Conditionals are handled the same way, with blocks and messages, but normally don't pass arguments to their argument blocks, because in normal conditionals those arguments would always be just the constants true or false. Not very interesting.

When I added ifNotNil: some time ago, I used the same logic, but it turns out the object is now actually potentially interesting. So ifNotNil: now passes the now-known-to-be-non-nil value to the block and can be used as follows:


value ifNotNil:{ :value |
    stdout println:value.
}

This doesn't eliminate the duplication, but does avoid the issue of having the newly introduced variable name precede the original variable. Well, that and the whole weird if let in the first place.

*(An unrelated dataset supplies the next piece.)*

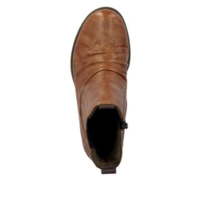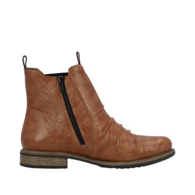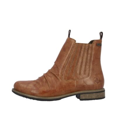 Rieker støvle til dame i brun. Denne moderne støvle i brun kombinerer praktisk funktion med et elegant design. De rynkede detaljer giver et stilfuldt udtryk, mens overdelen i skind giver en behagelig fornemmelse. Modellen er udstyret med elastik på ydersiden og lynlås på indersiden, der gør den nem at tage af og på. Indvendigt finder du en let foring og en blød, udtagelig indersål med ekstra bredde H for maksimal komfort. Rieker Tex gør støvlen kraftigt vandafvisende. Hælen på 2,5 cm fuldender looket, og den stødabsorberende ydersål med mønster giver ekstra støtte og skridsikkerhed i hvert skridt.

With anonymous block arguments, we actually don't have to name the parameter at all:


value ifNotNil:{ stdout println:$0. }

Alternatively, we can just take advantage of some conveniensces and use a HOM instead:


value ifNotNil printOn:stdout.

Of course, Objective-S currently doesn't care about optionality, and with the current nil-eating behavior, the ifNotNil is not strictly necessary, you could just write it as follow:


value printOn:stdout.

I haven't really done much thinking about it, but the whole idea of optionality shouldn't really be handled in the space of values, but in the space of references. Which are first class objects in Objective-S.

So you don't ask a value if it is nil or not, you ask the variable if it contains a value:


ref:value ifBound:{ :value | ... }

To me that makes a lot more sense than having every type be accompanied by an optional type.

So if we were to care about optionality so in the future, we have the tools to create a sensible solution. And we can let if let just be.